Kapoor was convicted in India last week of stealing ancient religious idols and trafficking them to his art gallery in Manhattan. He was sentenced to 13 years in prison.
Kapoor, also wanted by American authorities, was the subject of a massive US federal investigation known as Operation Hidden Idol.
The Manhattan District Attorney's office indicted him in 2020 and have requested his extradition from India.
New York returned 192 antiquities to Islamabad valued at almost $3.4 million, Manhattan DA Alvin Bragg said in a statement.
Some 187 of the artifacts were seized in relation to the investigation of Kapoor, Bragg added.
The returned items include a Gandhara statue depicting Maitreya, the enlightened Buddha, and Mehrgarh figures dating to around 3500-2600 BC that were looted from a Neolithic archaeological site in Pakistan.
Kapoor sold the smuggled items at his Madison Avenue-based gallery Art of the Past.
Bragg's office says that since 2011 it has recovered more than 2,500 artifacts worth at least $143 million that were trafficked by Kapoor and his associates.

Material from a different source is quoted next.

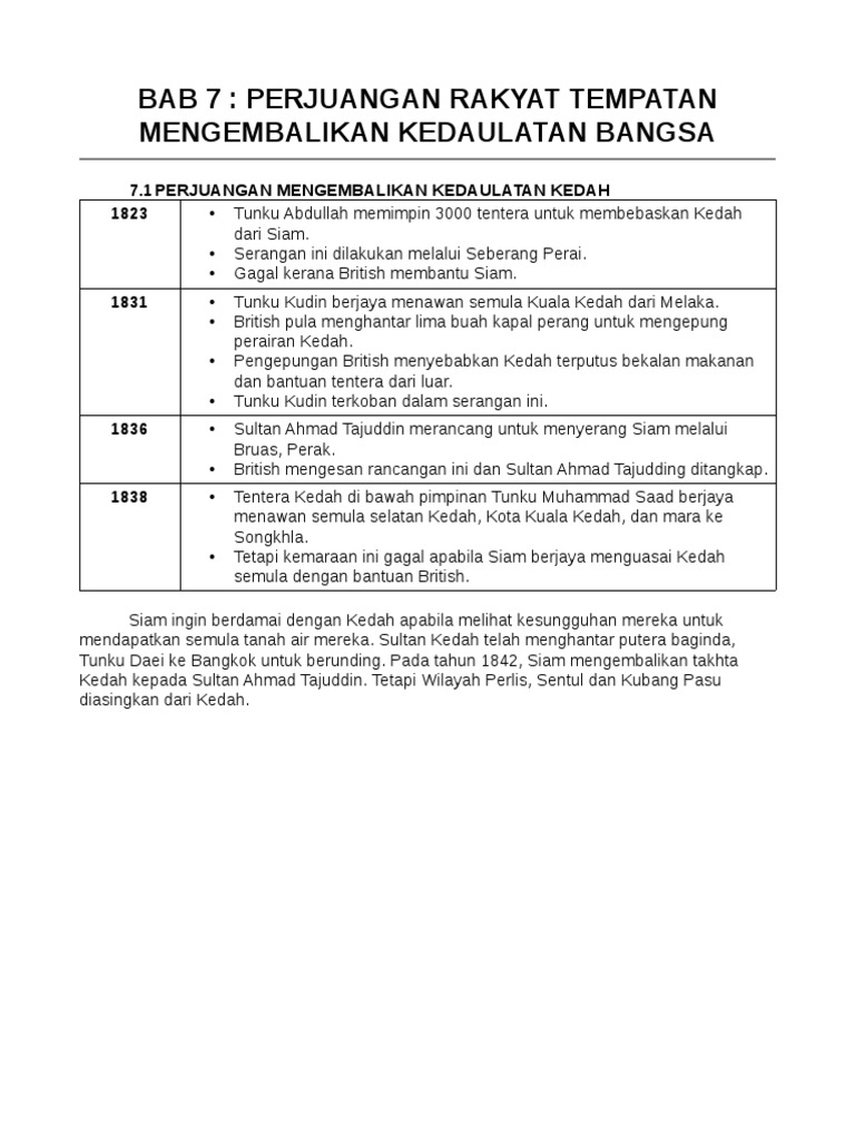 Nota Sejarah Tingkatan 2 Bab 7 1 Kedaulatan Kedah Tergugat

According to the US, five India-based co-defendants and Kapoor had been held in prison in the South Asian nation since 2012 for charges relating to his role selling stolen Indian antiquities.
Last week, the six men were convicted and sentenced by a special court in India.
‘Kapoor was convicted for receiving stolen property, habitually dealing in stolen property, and conspiracy, and fined and sentenced to thirteen years in prison,' the statement said. It added that the Manhattan district attorney's office is seeking Kapoor's extradition to pursue his prosecution in the US.
The antiquities were returned during a repatriation ceremony at the Pakistani consulate in New York where US Homeland Security Investigations Assistant Special Agent-in-Charge Thomas Acocella and Pakistani Consul General Ayesha Ali were present.
The antiquities were looted from a Neolithic archaeological site in Pakistan before being trafficked to New York.